Amid all the market doom and gloom, the world’s largest gold fund is quietly celebrating another major milestone: SPDR Gold Shares, an exchange-traded fund backed by physical bullion, has recently surpassed $50 billion in assets.
Driven by concerns over the euro zone sovereign debt crisis and a double-dip recession, investors have plowed $5.4 billion of net cash into the fund during the first five months. At the same time, gold prices have continued to set records – gaining 13.4% so far this year – helping boost the fund’s size.
As of Monday’s close, the fund – boasts total assets under management of $53.3 billion.

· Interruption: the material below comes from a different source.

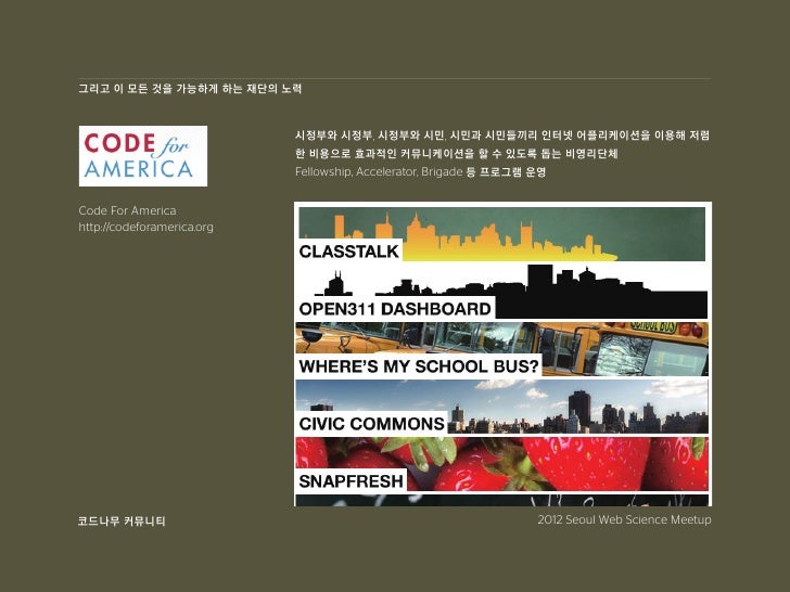 35. 35. 그리고 이 모든 것을 가능하게 하는 재단의 노력 시정부와 시정부, 시정부와 시민, 시민과 시민들끼리 인터넷 어플리케이션을 이용해 저렴 한 비용으로 효과적인 커뮤니케이션을 할 수 있도록 돕는 비영리단체 Fellowship, Accelerator, Brigade 등 프로그램 운영Code For Americahttp://codeforamerica.org코드나무 커뮤니티 2012 Seoul Web Science Meetup

The fund – known as GLD because of its ticker symbol – now hoards a total of 1,316.18 metric tons of gold and rivals most of the world’s central banks. If GLD were a central bank, it would rank fifth – just below France and above China.
Gold’s safe-haven trait was in evidence again on Tuesday, as stocks were hammered globally and commodity markets were mostly a sea of red. Gold futures for July delivery eked out a gain of $3.8, or 0.3%, to settle at $1,242 per troy ounce at the Comex division of the Nymex.
Now, investors are holding their breath to see whether the gold fund can pass out the $75.6 billion SPDR S&P 500 to become the world’s largest ETF. The gap between the two ETFs – both run by State Street Corp. — has contracted sharply this year from $44.7 billion to $21.3 billion as gold prices have gained and stocks faltered.